Sainsbury's has released its interim results for the 28 weeks to 22 September 2018, revealing group sales of £16,884m, up 3.5%.
Retail sales (excluding fuel) increased by 1.2% and like-for-like sales (excluding fuel) rose by 0.6%.
Profit after tax stood at £144m, down 13% from £166m, reflecting further non-underlying charges relating to restructuring the firm's store management teams, Argos integration, Sainsbury’s Bank transition, and the proposed combination with Asda.
Food and general merchandise sales benefited from the hot summer as grocery sales grew by 1.2% and general merchandise sales grew 1.5%, with total food transactions up 0.6%, outperforming the market.
CEO Mike Coupe (pictured) said, “The market remains very competitive and we are transforming our business to meet rapidly changing customer needs. We have fundamentally changed how our 135,000 Sainsbury’s store managers and colleagues work and I would like to thank them for their ongoing hard work through this period.
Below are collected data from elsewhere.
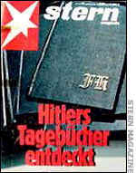 Wolf Hess (der), hijo de Rudolph Hess. Fraude evidente Stern publica "los diarios" de Adolfo Hitler JULIO, 2006. Decenas de víctimas del nazismo dejaron escritos sus momentos de horror, esperanza y sentimientos ante la proximidad de la muerte y aun el amor, como fue el caso del conmovedor diario de Ana Frank. Los victimarios también tenían por costumbre llevar sus apuntes, como ocurrió con Joseph Goebbels, ministro de Propaganda nazi, y Heinrich Himmler, autor ejecutor de la infame "solución final". De los cinco protagonistas de esta guerra (Roosevelt, Churchill, Stalin, Mussolini y Hitler) del primero quedaron bastante discursos pero no tuvo tiempo de escribir sus memorias, las cuales el segundo publicó poco después de terminada la guerra; el soviético también publicó las suyas, poco creíbles dado su exacerbado autoculto a la personalidad; del Duce también existen suficientes documentos y del führer, naturalmente, está Mein Kampf, con la diferencia de haber sido escrita antes de la guerra y que serviría como motor para eliminar a casi 50 millones de personas. Durante mucho tiempo se ha creído que Hitler también llevaba un diario que quedó sepultado bajo los escombros del búnker berlinés. Su amante Eva Braun tenía su bitácora personal de la que se recuperaron algunas páginas que sirven para describir a Hitler en la intimidad. Ya se había perdido toda posibilidad de encontrar los diarios del dictador hasta que en 1983 el semanario alemán Stern dio la noticia: ¡éstos habían aparecido, de los cuales la revista iba a publicar algunos extractos! Era el 25 de abril. Según la nota, los diarios, finamente encuadernados, habían sido encontrados en una granja de la entonces Alemania Oriental tras 28 años de permanecer ocultos. Ahí se logró llevarlos de contrabando al lado occidental donde Stern los compró. El descubrimiento se antojaba espectacular; por fin el mundo sabría, de primera mano, que pensaba el führer en esa mente tan cruel y despiadada y qué motivos lo llevaron, independientemente de su fanatismo racial, a ordenar la muerte de millones de inocentes. Stern publicó la primera parte de los diarios en 1983 y aunque al principio hubo mucha controversia, los expertos en la vida de Hitler mostraron su reticencia en torno a su autenticidad. "Hay una parte donde (Hitler) se refiere a Goebbels como "un cerdo", lo cual es improbable; él no solía adjetivar a su gabinete, además que tampoco existen registros de enojos o insultos hacia Hitler en los diarios de Goebbels", dijo un biógrafo. Otra duda es que los diarios aportaban pocas novedades o detalles no conocidos de Hitler; muchos de ellos parecían haber sido calcados del Mein Kampf. Pero el detalle que más hizo dudar a los críticos: la rúbrica. Al principio se identificó como "Dr. Fischer" a la persona que había vendido a Stern los diarios y por los cuales se había embolsado 9.9 millones de dólares. El "doctor" era en un realidad un tan Konrad Kujau, un individuo que coleccionada y vendía memorabilia nazi en Stuttgart. De acuerdo a su versión, los diarios habían sido rescatados de un avión en llamas en Dresden y durante mucho tiempo permanecieron en Alemania Democrática hasta que Fischer-Kusau pudo contrabandearlos al lado federal. Una vez que el reportero Gerd Heldemann se enteró del asunto, los "diarios" fueron adquiridos por Stern para ser publicados en partes. Newsweek y The Sunday Times también adquirieron los derechos de lo que parecía ser "un documento clave" de una de las mentes más siniestras del siglo XX.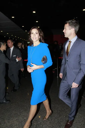 Mary looked radiant in electric blue in Hong Kong.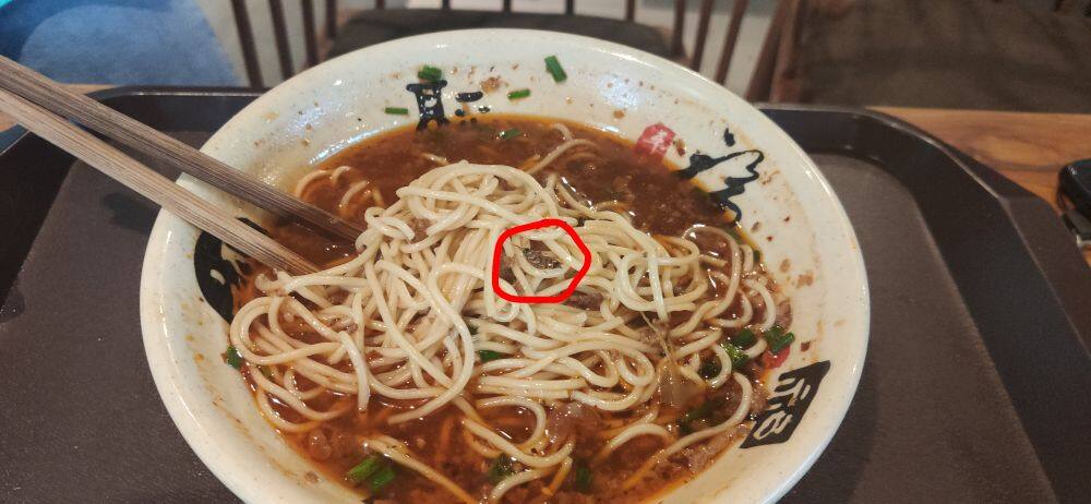 2021年7月19日,本人与女友前往綦江地下通道(海鲜爱上面)店铺吃饭,吃到一半女友发现面里有一被煮烂的虫子,我让女友端到店铺问个理,店铺回答道:这可能是空调吹到碗里的。虫子都被煮烂了还说是被吹进去的简直无语,店铺没有给予赔偿以及歉意,表示无所谓。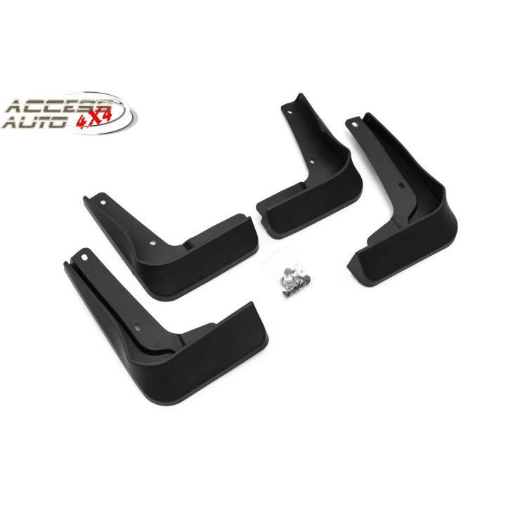The set includes a set of 4 mud flaps as well as its fastening system .

“We have delivered a solid first half performance and profit has increased because we have delivered significant Argos synergies ahead of schedule. Sales of food and general merchandise were boosted by the hot summer, but general merchandise margins remain under pressure.'
Coupe continued, “Our strategy of offering customers a distinctive range of high quality and great value food has driven like-for-like sales growth at Sainsbury’s. Where we have invested to lower prices, volumes and transactions have increased.
“Our proposed combination with Asda will create a dynamic new player in UK retail, with the ability to further lower prices and to reduce the cost of living for millions of UK households. The Competition and Markets Authority is conducting its in-depth Phase Two review into the proposed combination and we continue to engage constructively with the CMA and Panel.”